◆ Recorded data

■ ■ ■

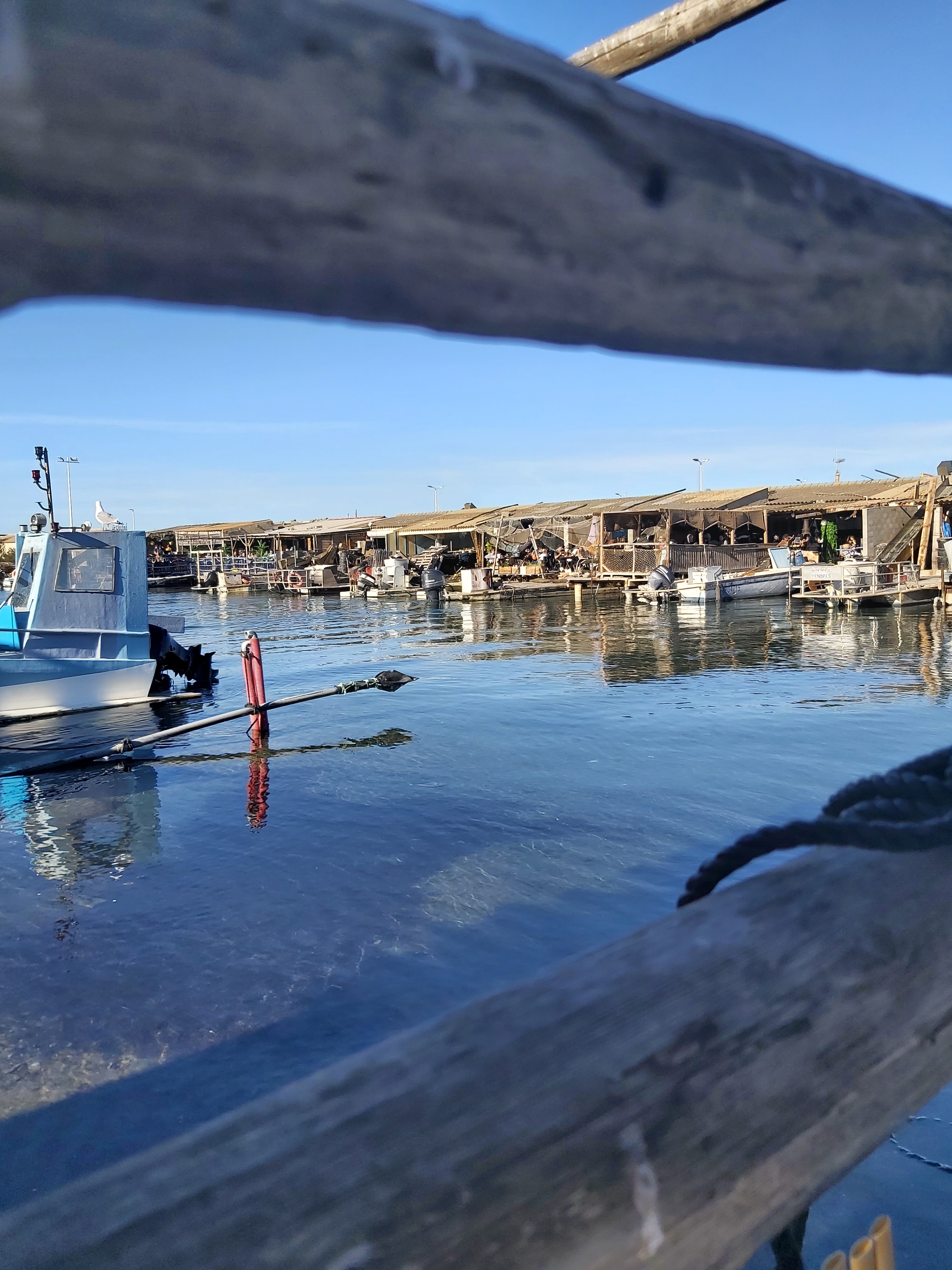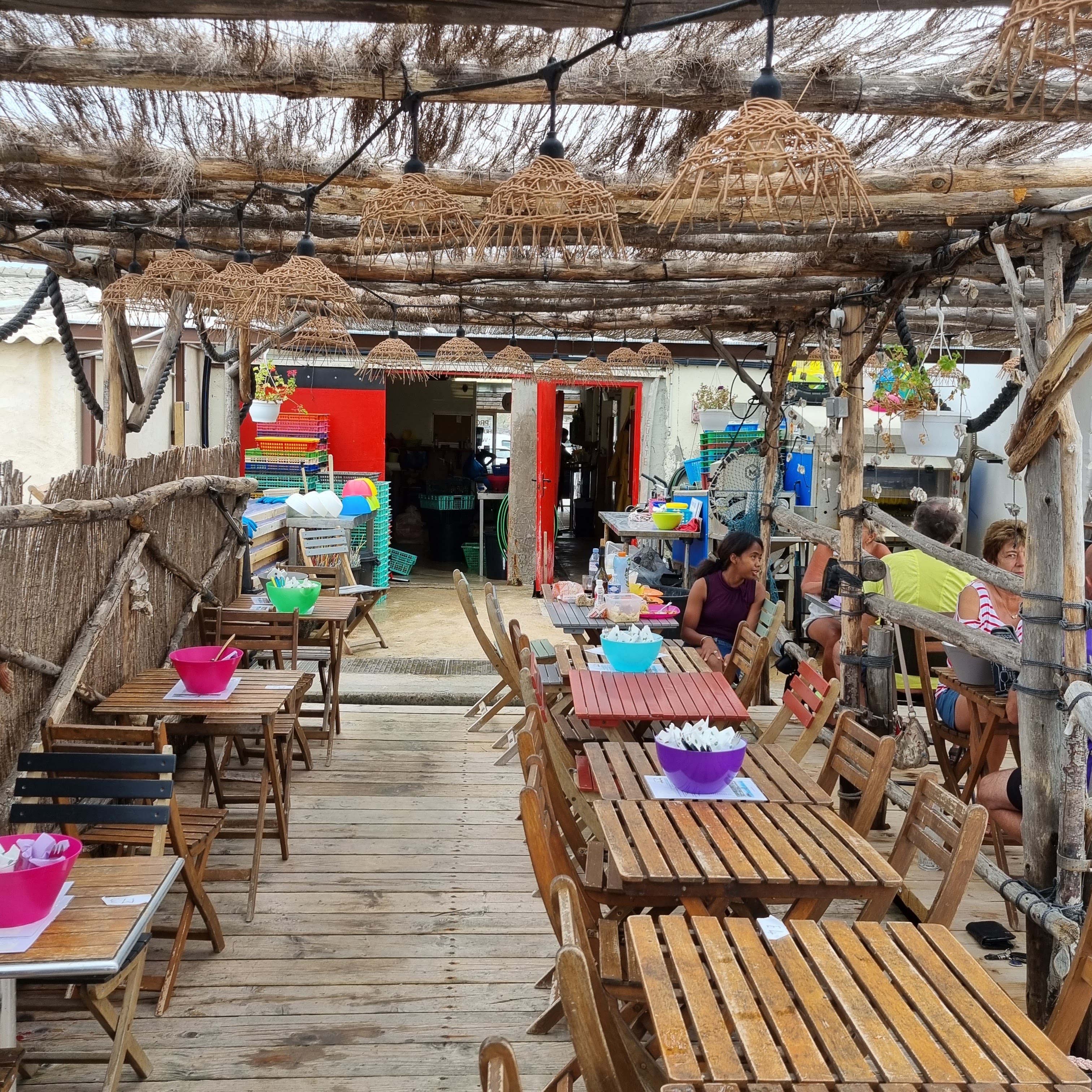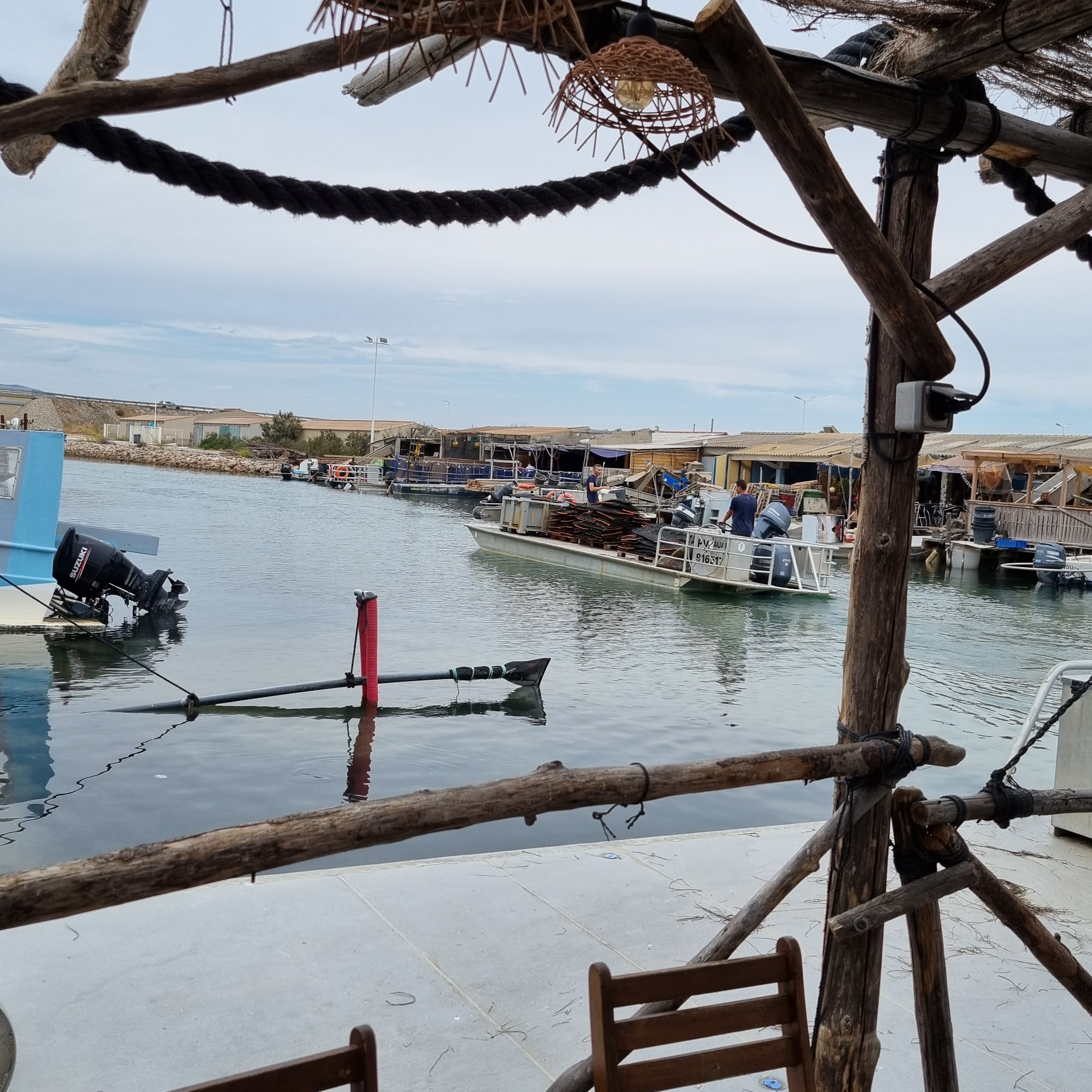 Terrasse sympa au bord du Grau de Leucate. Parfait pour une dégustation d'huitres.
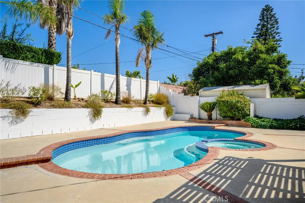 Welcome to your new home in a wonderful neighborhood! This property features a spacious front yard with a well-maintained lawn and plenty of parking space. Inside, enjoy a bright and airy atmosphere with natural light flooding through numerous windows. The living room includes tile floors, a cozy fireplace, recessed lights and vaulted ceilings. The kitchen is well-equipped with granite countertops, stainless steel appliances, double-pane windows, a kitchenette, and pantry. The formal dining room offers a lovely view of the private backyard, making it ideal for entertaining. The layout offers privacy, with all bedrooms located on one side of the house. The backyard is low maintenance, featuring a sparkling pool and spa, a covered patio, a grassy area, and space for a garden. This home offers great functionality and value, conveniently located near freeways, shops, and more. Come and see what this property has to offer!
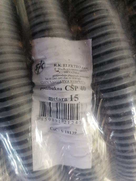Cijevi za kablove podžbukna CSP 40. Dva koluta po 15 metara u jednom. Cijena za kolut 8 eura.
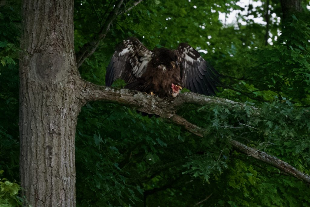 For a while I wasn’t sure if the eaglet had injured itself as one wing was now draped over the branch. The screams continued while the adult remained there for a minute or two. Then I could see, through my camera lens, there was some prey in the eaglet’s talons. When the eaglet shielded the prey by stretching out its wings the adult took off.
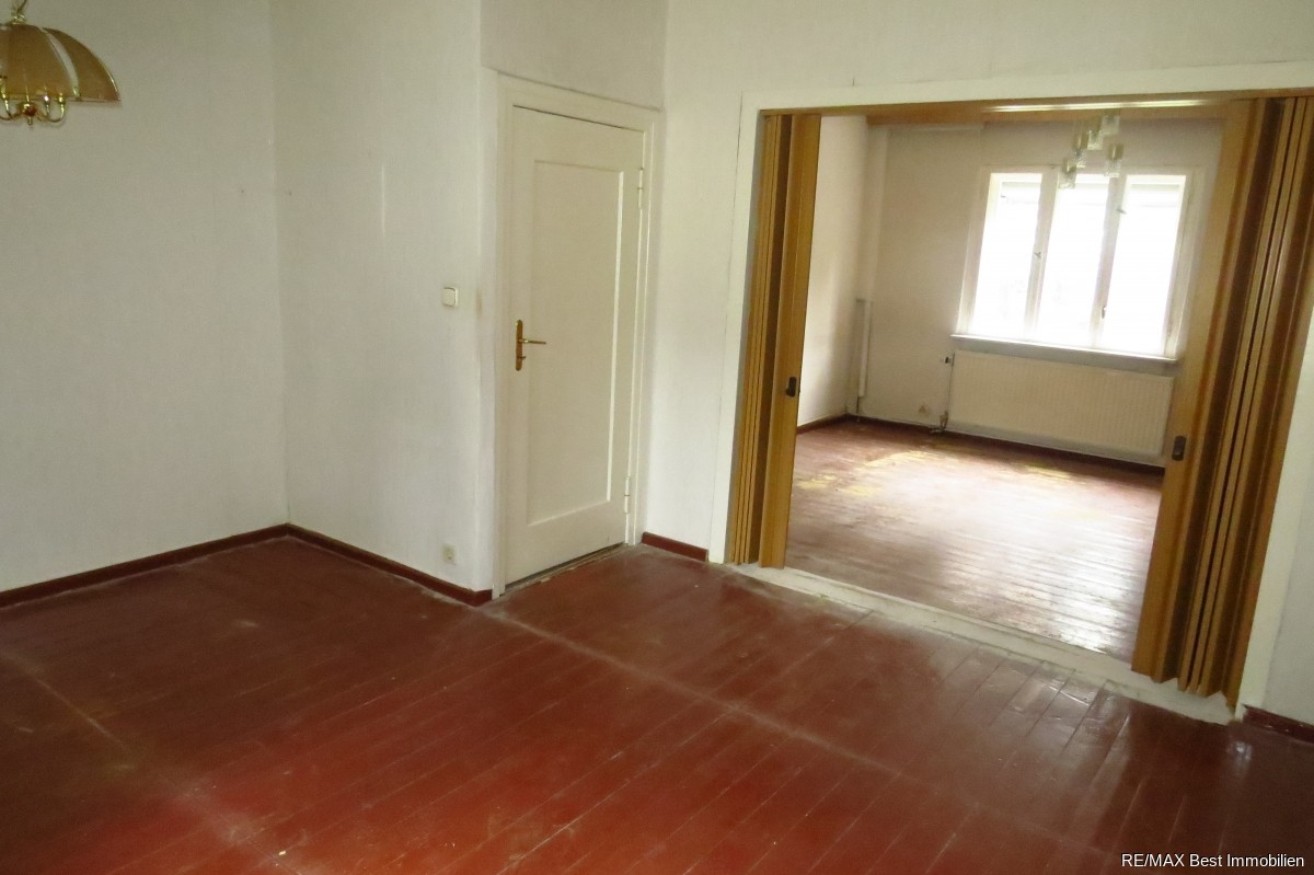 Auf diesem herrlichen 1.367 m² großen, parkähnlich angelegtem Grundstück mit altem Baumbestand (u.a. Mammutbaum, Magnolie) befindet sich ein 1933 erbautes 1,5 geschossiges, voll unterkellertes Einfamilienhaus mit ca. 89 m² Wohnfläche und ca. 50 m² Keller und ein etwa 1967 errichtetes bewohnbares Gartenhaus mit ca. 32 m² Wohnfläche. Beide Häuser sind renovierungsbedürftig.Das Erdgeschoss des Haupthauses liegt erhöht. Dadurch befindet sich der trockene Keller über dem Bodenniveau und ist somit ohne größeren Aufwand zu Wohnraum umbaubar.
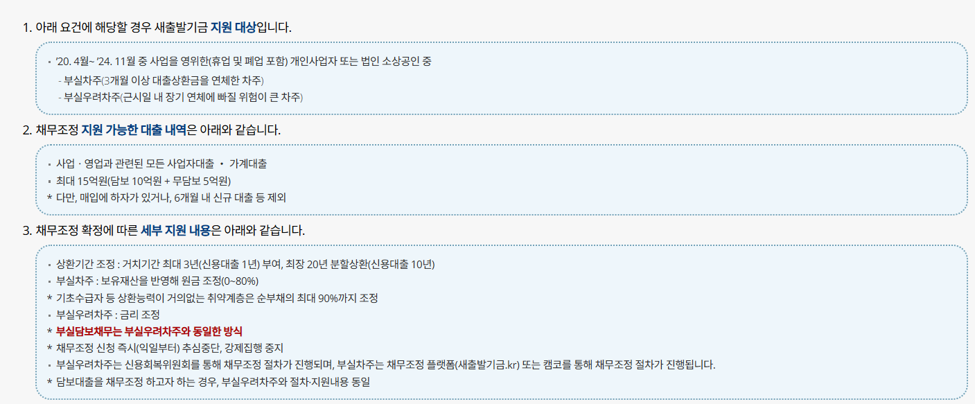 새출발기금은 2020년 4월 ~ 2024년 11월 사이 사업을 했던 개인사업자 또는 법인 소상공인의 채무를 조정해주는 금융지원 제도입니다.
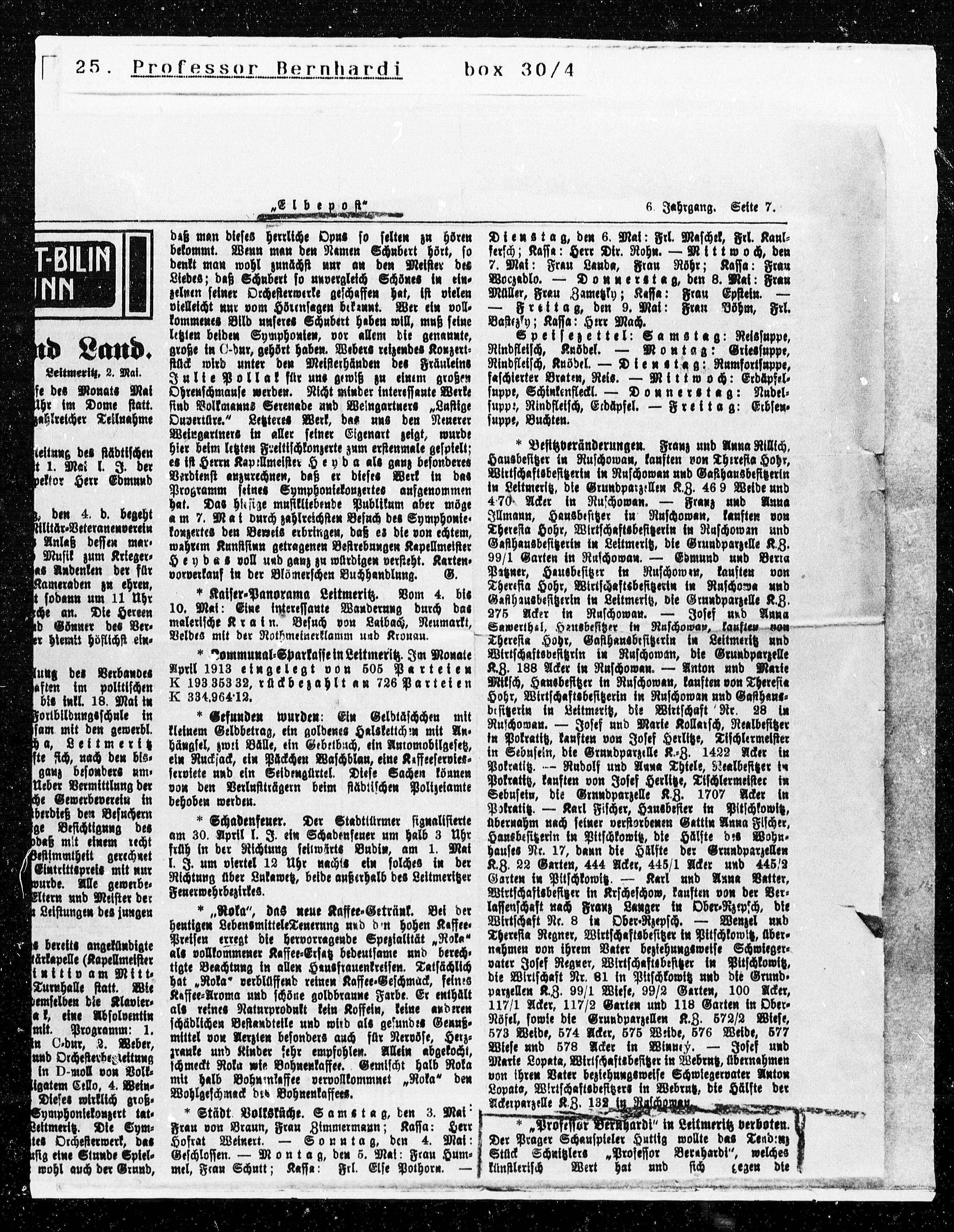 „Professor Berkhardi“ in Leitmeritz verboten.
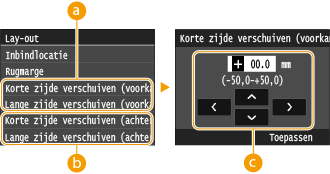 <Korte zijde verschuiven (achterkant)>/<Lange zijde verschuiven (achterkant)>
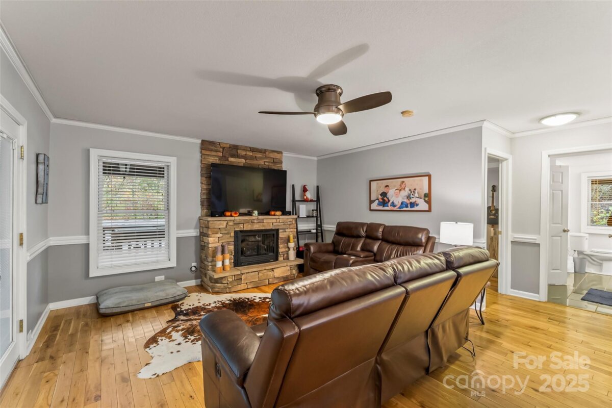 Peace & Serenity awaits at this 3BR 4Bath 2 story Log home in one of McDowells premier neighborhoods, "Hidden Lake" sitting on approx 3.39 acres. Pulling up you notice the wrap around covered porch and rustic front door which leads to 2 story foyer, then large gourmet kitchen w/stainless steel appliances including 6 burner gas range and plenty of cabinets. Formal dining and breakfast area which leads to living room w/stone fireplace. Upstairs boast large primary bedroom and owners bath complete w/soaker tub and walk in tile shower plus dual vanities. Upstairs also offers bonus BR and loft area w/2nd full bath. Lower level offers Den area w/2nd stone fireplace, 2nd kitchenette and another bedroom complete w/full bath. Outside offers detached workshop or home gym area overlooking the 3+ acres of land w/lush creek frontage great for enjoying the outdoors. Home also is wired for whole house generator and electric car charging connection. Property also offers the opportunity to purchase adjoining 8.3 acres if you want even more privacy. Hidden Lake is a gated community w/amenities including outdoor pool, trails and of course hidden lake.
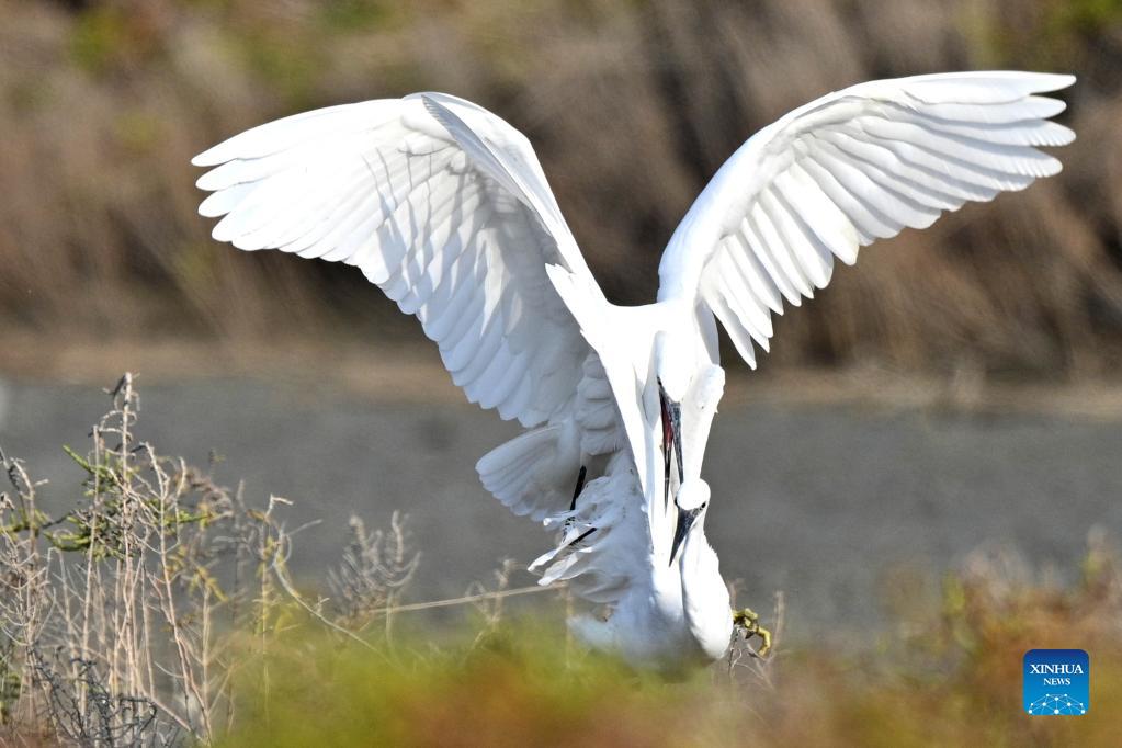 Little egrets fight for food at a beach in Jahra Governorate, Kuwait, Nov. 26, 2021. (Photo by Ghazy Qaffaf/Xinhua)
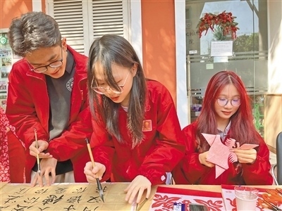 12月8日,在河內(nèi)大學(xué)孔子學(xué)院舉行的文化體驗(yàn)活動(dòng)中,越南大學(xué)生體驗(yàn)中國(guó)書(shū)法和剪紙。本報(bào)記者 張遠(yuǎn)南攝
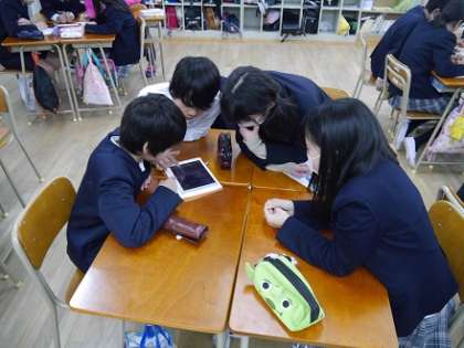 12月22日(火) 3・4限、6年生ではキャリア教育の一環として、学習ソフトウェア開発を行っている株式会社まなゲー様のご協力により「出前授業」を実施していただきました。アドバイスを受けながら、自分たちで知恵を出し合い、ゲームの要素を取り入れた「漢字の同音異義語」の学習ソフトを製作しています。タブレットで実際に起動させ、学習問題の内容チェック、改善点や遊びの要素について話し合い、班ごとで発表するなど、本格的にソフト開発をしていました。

■ ■ ■

◆ EXERCISE INSTRUCTIONS
Skip the pictures. Return exactly the lines from the one containing "Little egrets fight" through the end of the data above, both included, and nothing besides.

◆ WRITTEN RESPONSE
 Little egrets fight for food at a beach in Jahra Governorate, Kuwait, Nov. 26, 2021. (Photo by Ghazy Qaffaf/Xinhua)
 12月8日,在河內(nèi)大學(xué)孔子學(xué)院舉行的文化體驗(yàn)活動(dòng)中,越南大學(xué)生體驗(yàn)中國(guó)書(shū)法和剪紙。本報(bào)記者 張遠(yuǎn)南攝
 12月22日(火) 3・4限、6年生ではキャリア教育の一環として、学習ソフトウェア開発を行っている株式会社まなゲー様のご協力により「出前授業」を実施していただきました。アドバイスを受けながら、自分たちで知恵を出し合い、ゲームの要素を取り入れた「漢字の同音異義語」の学習ソフトを製作しています。タブレットで実際に起動させ、学習問題の内容チェック、改善点や遊びの要素について話し合い、班ごとで発表するなど、本格的にソフト開発をしていました。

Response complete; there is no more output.